Валентин и Димка думали скатиться вниз. Но поздно, снизу на «ребяток» зло смотрели бритоголовые амбалы, гнавшиеся за ними по лесу.
— А ну вниз, щеглы! — отплёвываясь, приказал один из них.
Унизительными пинками их гнали к машине. Пузатый мужик лет пятидесяти, с равнодушными глазами на бульдожьем лице вальяжно стоял у джипа, жевал резинку и одновременно курил. Это был сам Банщиков. Он решил этим утром устроить внезапную проверку: объехал свалку, навестил охранников. Банщиков был возмущён, его титан, его деньги воруют! Естественно он не участвовал в погоне, он ждал её результата. А когда результат оказался в его пользу, равнодушные глаза наполнил нездоровый интерес.
— Чуть не съе...лись, — посетовал бритоголовый амбал. Он швырнул Димку к ногам Банщикова. Тут же другой амбал выпнул из леса хромающего Валентина.
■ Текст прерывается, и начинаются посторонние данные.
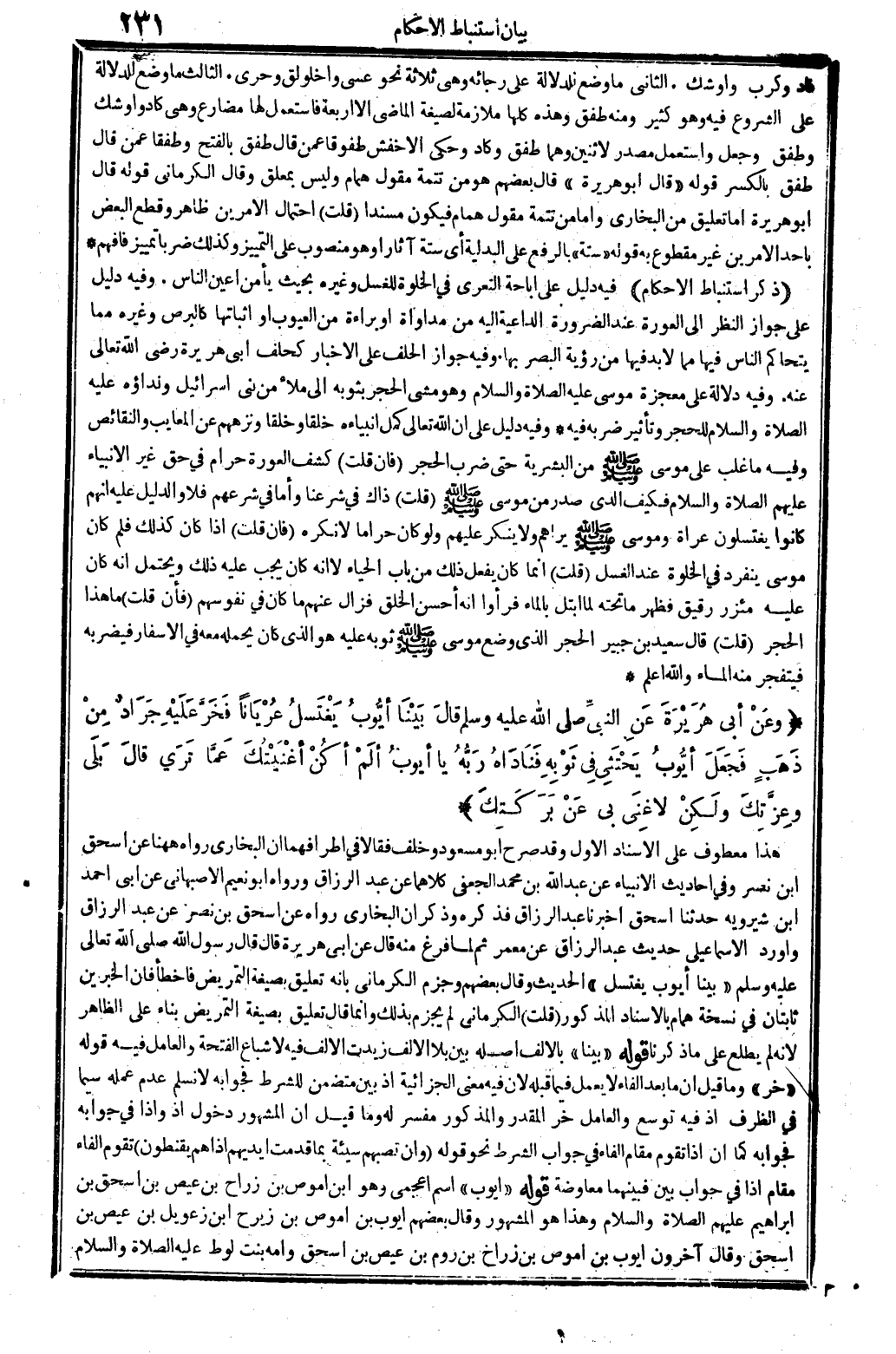 (وَعَن أبي هُرَيْرَة عَن النَّبِي - صَلَّى اللَّهُ عَلَيْهِ وَسَلَّم َ - قَالَ بَينا أَيُّوب يغْتَسل عُريَانا فَخر عَلَيْهِ جَراد من ذهب فَجعل أَيُّوب يحتثي فِي ثَوْبه فناداه ربه يَا أَيُّوب ألم أكن أغنيتك عَمَّا ترى قَالَ بلَى وَعزَّتك وَلَكِن لَا غنى بِي عَن بركتك) هَذَا مَعْطُوف على الْإِسْنَاد الأول وَقد صرح أَبُو مَسْعُود وَخلف فَقَالَا فِي أطرافهما أَن البُخَارِيّ رَوَاهُ هَهُنَا عَن اسحق بن نصر وَفِي أَحَادِيث الْأَنْبِيَاء عَن عبد الله بن مُحَمَّد الْجعْفِيّ كِلَاهُمَا عَن عبد الرَّزَّاق وَرَوَاهُ أَبُو نعيم الْأَصْبَهَانِيّ عَن أبي أَحْمد بِهن شيرويه حَدثنَا اسحق أخبرنَا عبد الرَّزَّاق فَذكره وَذكر أَن البُخَارِيّ رَوَاهُ عَن اسحق بن نصر عَن عبد الرَّزَّاق وَأورد الْإِسْمَاعِيلِيّ حَدِيث عبد الرَّزَّاق عَن معمر ثمَّ لما فرغ مِنْهُ قَالَ عَن أبي هُرَيْرَة قَالَ قَالَ رَسُول الله - صَلَّى اللَّهُ عَلَيْهِ وَسَلَّم َ - " بَينا أَيُّوب يغْتَسل " الحَدِيث وَقَالَ بَعضهم وَجزم الْكرْمَانِي بِأَنَّهُ تَعْلِيق بِصِيغَة التمريض فَأَخْطَأَ فَإِن الْخَبَرَيْنِ ثابتان فِي نُسْخَة همام بِالْإِسْنَادِ الْمَذْكُور (قلت) الْكرْمَانِي لم يجْزم بذلك وَإِنَّمَا قَالَ تَعْلِيق بِصِيغَة التمريض بِنَاء على الظَّاهِر لِأَنَّهُ لم يطلع على مَا ذكرنَا قَوْله " بَينا " بِالْألف أَصله بَين بِلَا الْألف زيدت الْألف فِيهِ لإشباع الفتحة وَالْعَامِل فِيهِ قَوْله " خر " وَمَا قيل أَن مَا بعد الْفَاء لَا يعْمل فِيمَا قبله لِأَن فِيهِ معنى الجزائية إِذْ بَين مُتَضَمّن للشّرط فَجَوَابه لَا نسلم عدم عمله سِيمَا فِي الظّرْف إِذْ فِيهِ توسع وَالْعَامِل خر الْمُقدر وَالْمَذْكُور مُفَسّر لَهُ وَمَا قيل أَن الْمَشْهُور دُخُول إِذا وَإِذا فِي جَوَابه فَجَوَابه كَمَا أَن إِذا تقوم مقَام الْفَاء فِي جَوَاب الشَّرْط نَحْو قَوْله {وَإِن تصبهم سَيِّئَة بِمَا قدمت أَيْديهم إِذا هم يقنطون} تقوم الْفَاء مقَام إِذا فِي جَوَاب بَين فبينهما مُعَاوضَة قَوْله " أَيُّوب " اسْم أعجمي وَهُوَ ابْن أموص بن زراح بن عيص بن اسحق بن إِبْرَاهِيم عَلَيْهِم الصَّلَاة وَالسَّلَام وَهَذَا هُوَ الْمَشْهُور وَقَالَ بَعضهم أَيُّوب بن أموص بن زيرح ابْن زعويل بن عيص بن اسحق وَقَالَ آخَرُونَ أَيُّوب بن أموص بن زراح بن روم بن عيص بن اسحق وَأمه بنت لوط عَلَيْهِ الصَّلَاة وَالسَّلَام

— Козлики, вы знаете кто я? — смакуя каждое слово, заговорил Банщиков.- Уверен, что знаете. Вы воруете у меня титан, козлики. Разве вас не учили в детстве, что воровать нехорошо?
— Учили, — подал жалостливый голос Валентин.
— Вероятно плохо учили, козлики.
— Да я вообще в первый раз на свалку пришёл! — словно на похоронах, причём собственных, заголосил Валентин. — Меня дружок заманил! — он кивнул на Димку. — Да и не накопал я ничего! У меня и денег-то никаких нет! Вот! Вот! — Валентин начал выворачивать свои карманы. Димка не заметил ни одного рваного и покачал головой.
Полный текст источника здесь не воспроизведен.